Agni, The Hindu God of Fire

Agni, the Hindu god of fire, is an important deity in the Hindu religion. He is seen as the friend and protector of humanity, particularly as the guardian of the home. In Hinduism, fire is associated with many forms, including the sun, lightning, comets, sacrificial fire, domestic fires, the fire of the funeral pyre, and the digestive fire within all humans.

In ancient Vedic times, Agni was particularly important and the Vedas contain more hymns to him than to any other deity. Today, while he may not be directly worshipped, he is still considered omnipresent. Agni is believed to be aware of all people’s thoughts and is a witness to all important actions, which is why fire is used in many important Hindu ceremonies, such as marriages. In Hindu literature, Agni is referred to as the ‘Oblation-devourer’ and the ‘Purifier’. In art, Agni is often depicted with flaming hair and riding a goat. Additionally, in some myths, Karttikeya (Skanda), the Hindu god of war, is said to be Agni’s son, born from Agni’s conquest of the Pleiades, the wives of the Seven Sages.

Agni & Various Fires

Agni, the Hindu god of fire, is deeply connected to the element of water. According to Hindu mythology, Agni is the son of the Celestial Waters and fire is believed to be carried down to earth within rain. It is thought that when two sticks are rubbed together, fire appears because it is drawn up by vegetation. Agni is also responsible for lightning, which is born from the god’s union with the cloud goddess.

In addition to his association with lightning, Agni is also closely associated with the funeral pyre. In this role, he is believed to lead the dead to their final judgement by Yama, the ruler of the Underworld. However, perhaps Agni’s most significant association is with sacrificial fires. In Hindu tradition, it is believed that Agni carries the offerings of humans to the gods. According to myths, Agni was initially hesitant to take on this duty as his three brothers had been killed while performing it. However, after being discovered and punished by the gods, Agni reluctantly took on his role again and was granted the boon of everlasting life and a share of the sacrifices he carried to the gods. Furthermore, Agni’s final hiding place was inside a Sami tree, which is considered the sacred abode of fire in Hindu rituals and its sticks are used to make fires.

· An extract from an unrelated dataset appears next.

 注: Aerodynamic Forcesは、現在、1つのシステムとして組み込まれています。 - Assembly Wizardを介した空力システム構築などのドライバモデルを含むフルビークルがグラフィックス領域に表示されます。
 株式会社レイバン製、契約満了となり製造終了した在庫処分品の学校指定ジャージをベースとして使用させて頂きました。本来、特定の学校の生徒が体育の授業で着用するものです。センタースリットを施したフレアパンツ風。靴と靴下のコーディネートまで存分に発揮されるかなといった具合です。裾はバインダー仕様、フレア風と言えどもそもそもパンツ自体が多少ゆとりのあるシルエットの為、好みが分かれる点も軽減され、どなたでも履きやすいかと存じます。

In Hinduism, Agni is seen as the embodiment of all forms of fire and things that burn well or have a certain lustre. In the “Brhaddevata”, it is said that at one point Agni is dismembered and distributed among earthly things. The god’s flesh and fat becomes guggulu resin, his bones the pine tree, his semen becomes gold and silver, his blood and bile are transformed into minerals, his nails are tortoises, entrails the avaka plant, his bone marrow sand and gravel, his sinews become tejana grass, his hair kusa grass, and his body hair becomes kasa grass which was used in sacrificial rituals.

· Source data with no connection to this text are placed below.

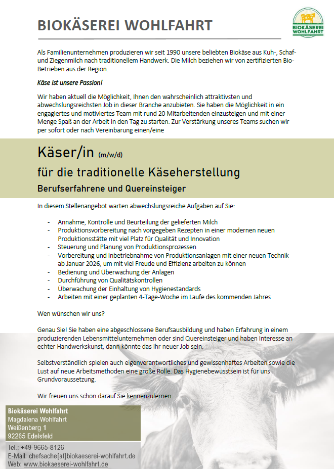 Unser Plakat für Ihren Laden und unser beschriftbarer Käseaufsteller für Ihre Käsetheke jeweils als PDF:
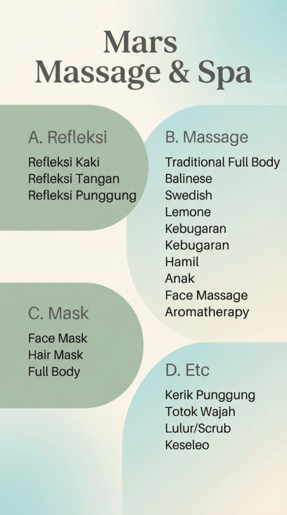 Snapshots of relaxation moments at Mars Massage & Spa in Bogor.
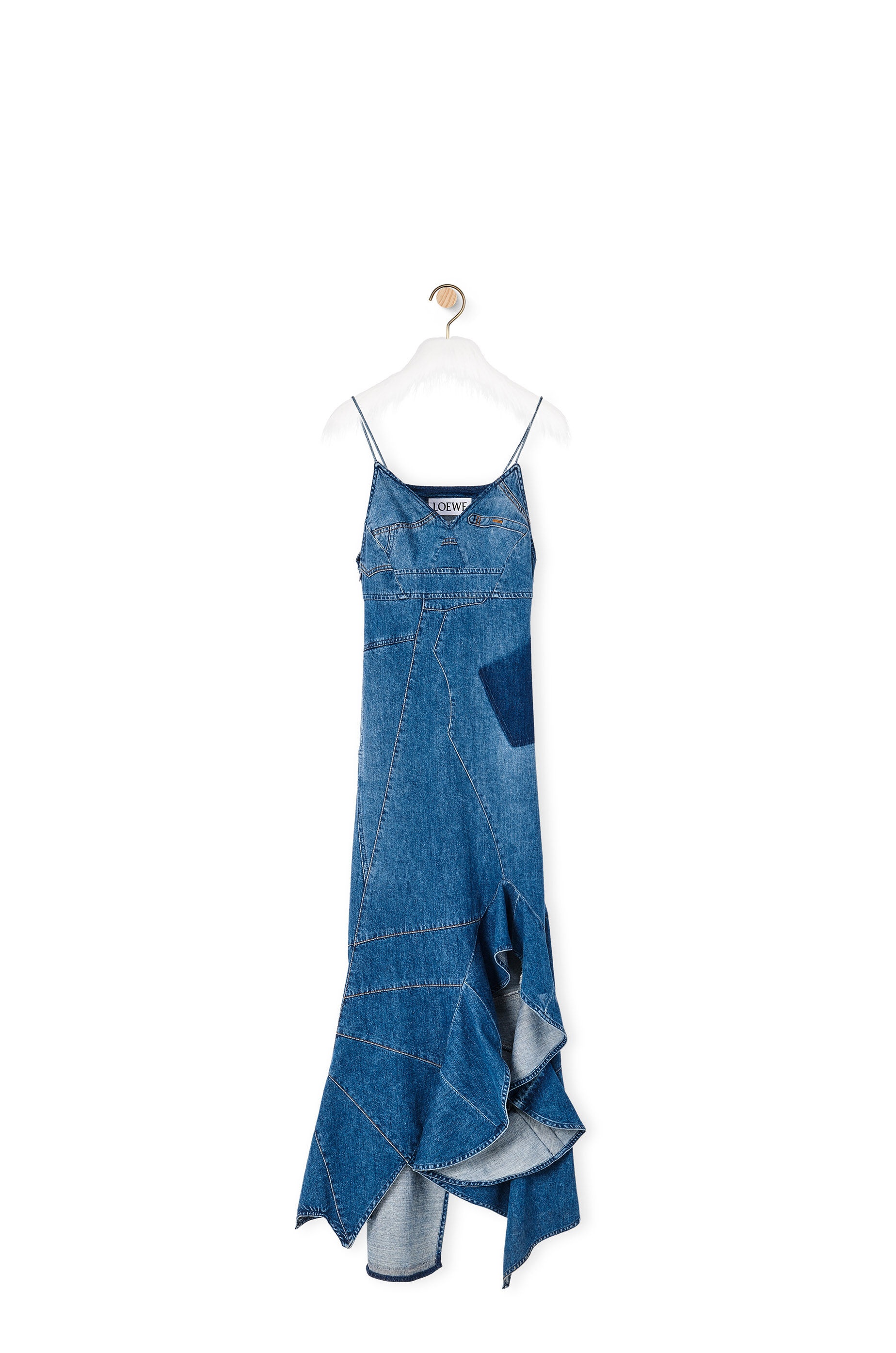 Denim midi dress with an asymmetric panel construction and a ruffled hem. With trompe l'oeil pockets and a single side pocket. - Fit and flare - Zip fastening Details - Colour: Blue Denim - Main material: Cotton - Weight : 0.59 kg - Model ID: S540Y13X08 - Made in: Italy
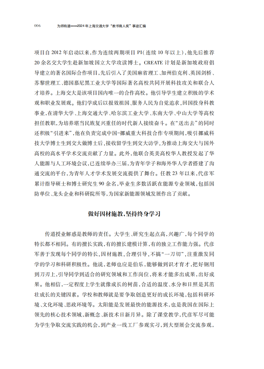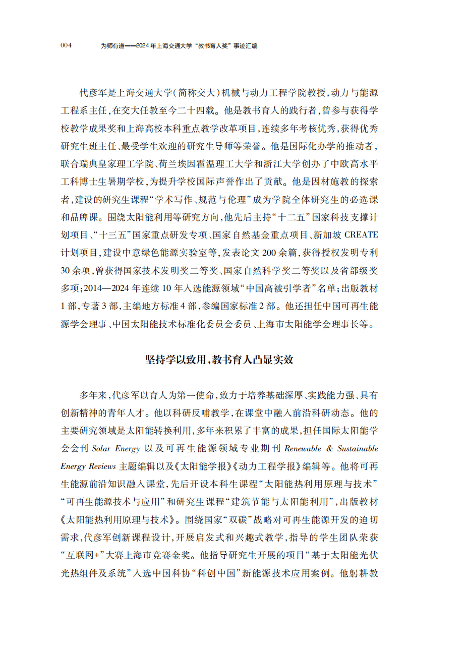 为师有道——2024年上海交通大学“教书育人奖”事迹汇编
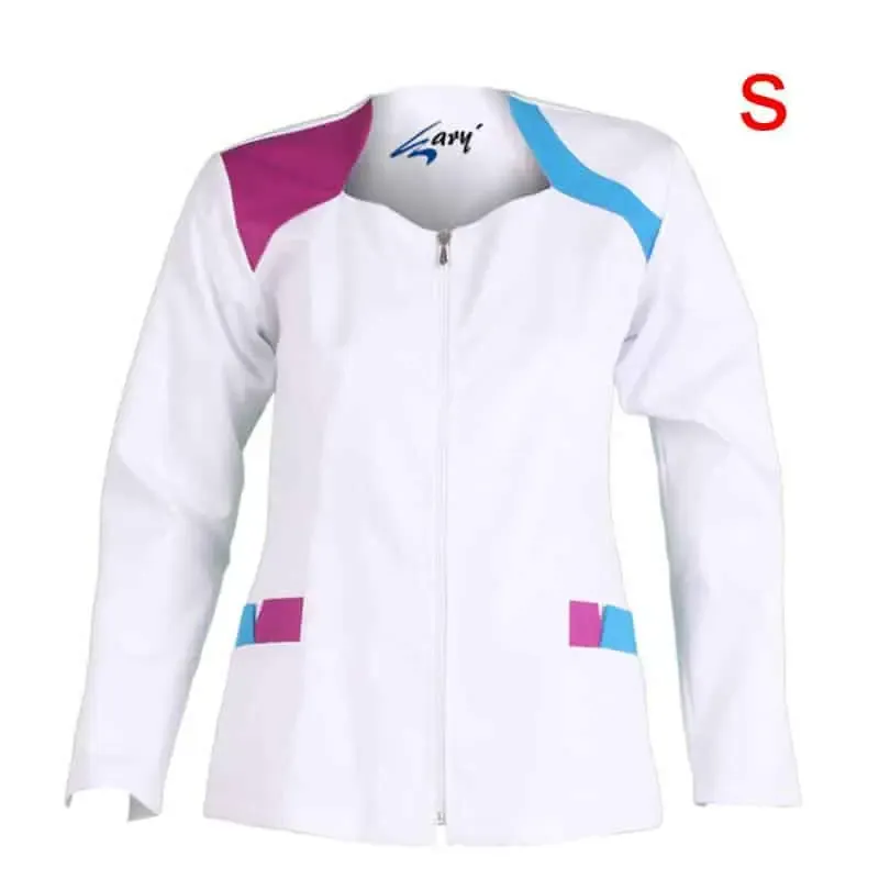 Blusa de señora de manga larga y cremallera, pensada para trabajadores del sector sanitario y servicios.
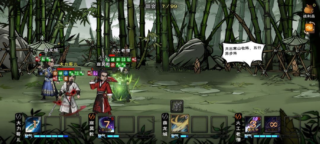 今天得磕药才能打过,琢磨了下机制。 大概就是5个人其中一个是阵眼,另外四个分摊伤害。一段时间不换阵,阵眼会开强化大招,比如泠月舞觞四连飘,少林关灯,龙枪变招。因为阵眼不分摊伤害,相对来说最脆,有些阵眼在后排,用群体或者切后武学打会好点,高协战武学或者连击武学也不错,可以减少狼枪武备。

Over time, Agni’s importance as a god diminishes. This is explained in the “Mahabharata” as due to his overindulgence in consuming too many offerings. In the “Visnu Purana”, he is described as the eldest son of Brahma and Svaha is his wife. Together they had three sons, Pavaka, Pavamana, and Suchi, who in turn had 45 sons, which, including their fathers and grandmother, totals 49, the number of sacred fires in the “Vayu Purana”.

Agni also has a darker side, which is described in one Rigveda hymn attributed to the sage Vasistha. Similar in nature to the ‘flesh-eater’ demons, the raksasa, he has two wickedly sharp iron tusks and he devours his victims without mercy. However, when called upon by the gods, Agni destroys the raksasa with his flaming spears. This episode illustrates Agni’s fall from the pinnacle of the pantheon, where he becomes a servant of the gods.

Agni in Hindu Art

In Hindu art, Agni is often depicted with black skin, two heads, four arms, and riding either a goat or a chariot drawn by red horses which has seven wheels, representing the seven winds. He is often shown with two heads, which spout flames, representing his association with two types of fire: the domestic hearth and the sacrificial fire. He is also shown with seven tongues which are used to lick up the ghee butter given as offerings.

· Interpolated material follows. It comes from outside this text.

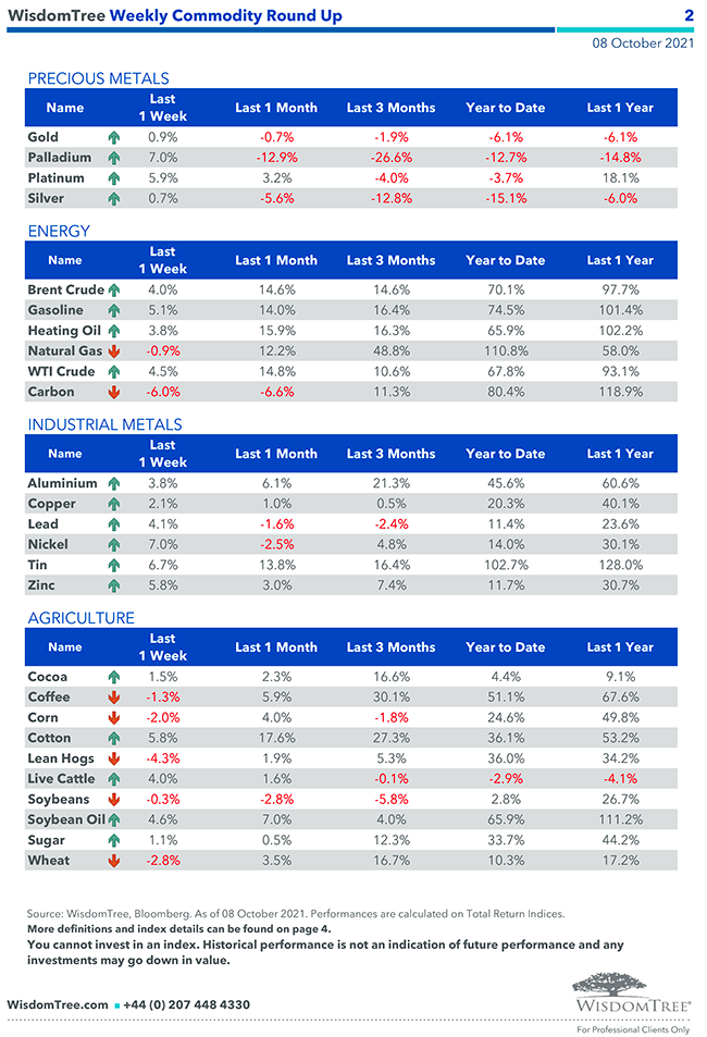 WisdomTree – Weekly “Commodity” Round Up – 8 ott 2021

Typically, Agni is depicted carrying a fan, which he uses to build up fires, a sacrificial ladle, an axe, and a flaming torch or javelin. He may also be represented as the Garuda bird, which carries the seed of life, the fire-bird which carries ambrosia to the gods, and the goat-headed merchant who represents the sacrifice made to the gods. In later Hindu art, Agni is also represented as one of the Dikpalas, the eight guardians of the directions of space. Agni is the protector of the south-east quarter, Purajyotisa.